Administration of Hadoop Cluster Training

The training sessions are usually held in German. Please contact us if you are interested in training sessions in English.

Setting up and operating Apache Hadoop Clusters is a complex process. This training course teaches this knowledge in a very practical way.

Hadoop Training at inovex

Target audience: Linux administrators, software developers (with basic Linux Skills)
Length: 3 days 
Dates: Available upon request
Times: 9 am – 5 pm 
Number of participants: min. 3, max. 12 
Price: 1,800 euros plus VAT

Over the past few years, Hadoop has become the standard for big data systems. Setting up and operating Hadoop clusters is, however, a fundamentally more complex task than, for example, setting up and operating web server farms or even traditional database clusters.

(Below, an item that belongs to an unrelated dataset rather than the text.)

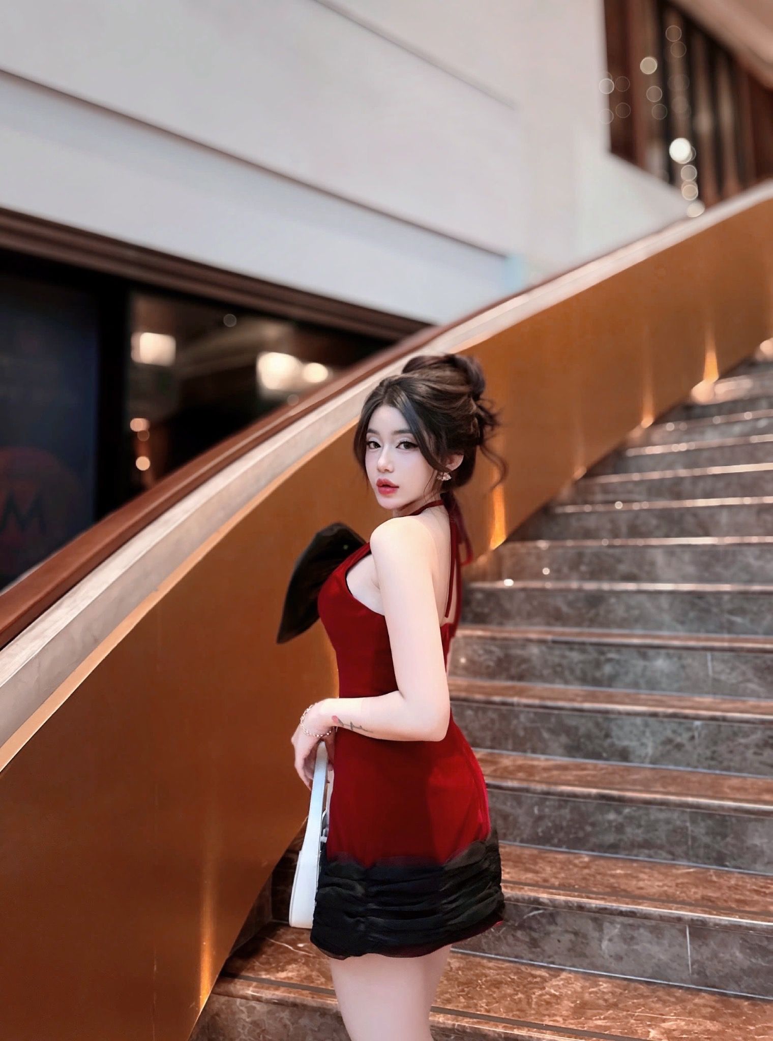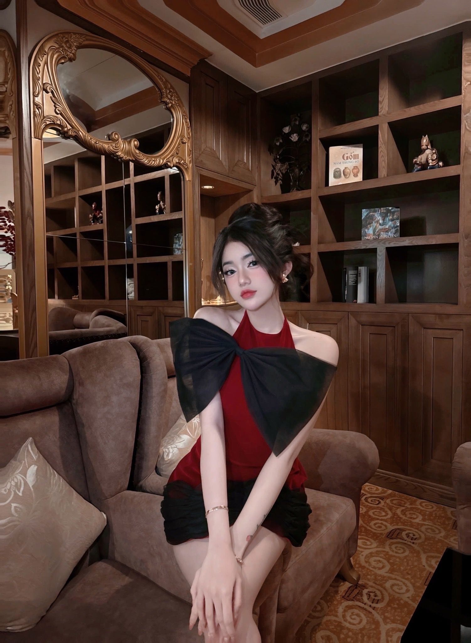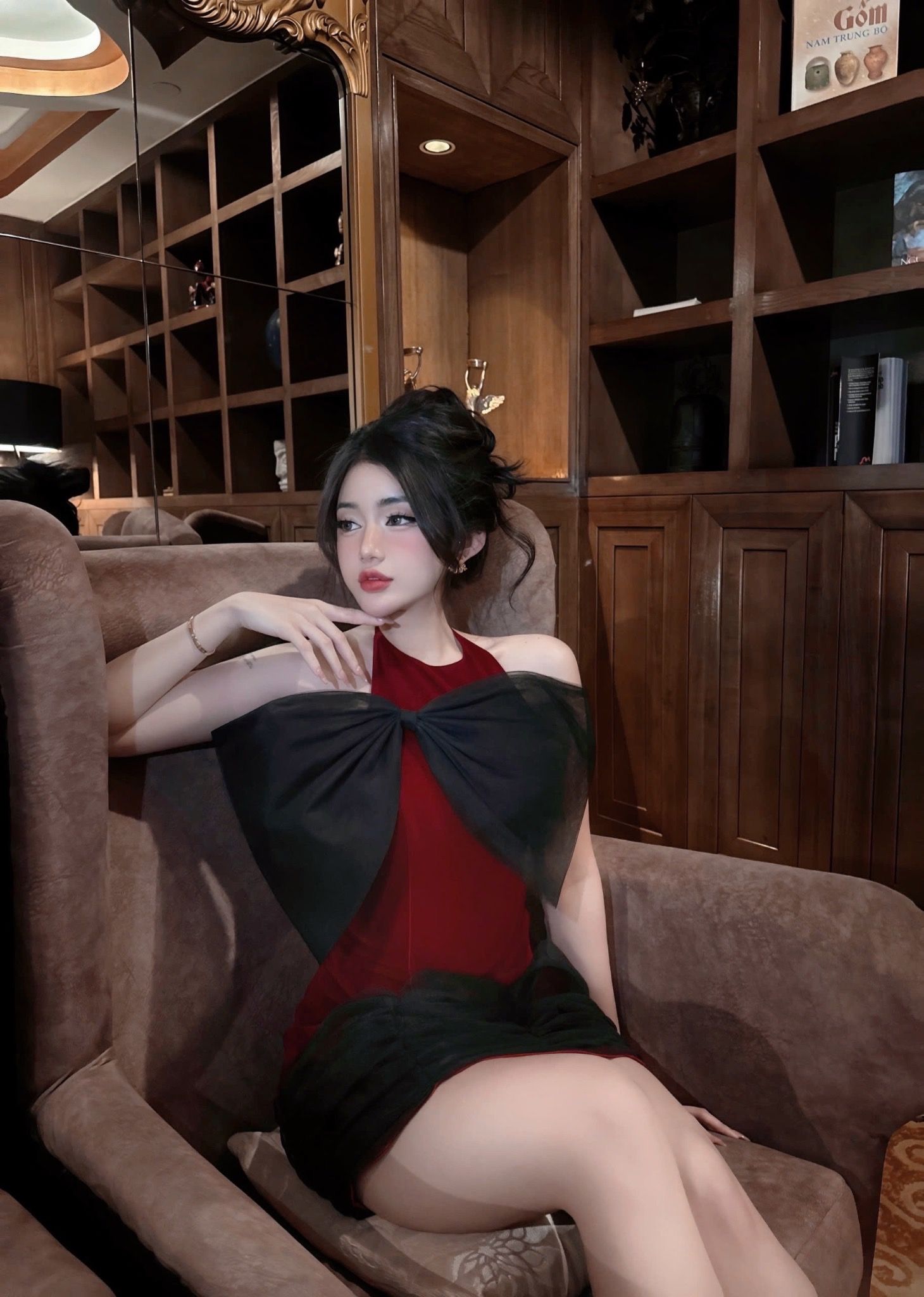 Đầm đỏ nhung kèm nơ Vanilla DISTRICTONE D5832

The high level of integration of the Hadoop nodes and the “eventual consistency” paradigm require in-depth knowledge of the architecture and the essential processes involved in Hadoop clusters in order to ensure highly available, high-performance, secure operation. 

This training covers this content in a very practical way. During the course, the participants set up their own Hadoop cluster on which they then practice typical scenarios, such as integrating third-party systems, creating a backup, or handling a malfunctioning node. 

 

Agenda: 

  • Hadoop basics, infrastructure and architecture
  • Setup and configuration of a Hadoop cluster
  • Hadoop security basics
  • High availability for Hadoop clusters
  • Backup and recovery strategies for Hadoop clusters
  • Introduction to the ecosystem and integration of frequently used components
  • Monitoring and ongoing optimisation of a Hadoop cluster
  • Hadoop logfile analysis

 

Note:

  • The course fees include training materials, lunches, drinks and snacks.
  • Participants must bring their own laptops to the training sessions.

 

Instructor:

Hans-Peter Zorn is a big data scientist at inovex. He specialises in big data architectures, Hadoop security, machine learning and data-driven products. Previously, he worked at the UKP Lab at the Technical University of Darmstadt, where he used Hadoop to analyse large text volumes.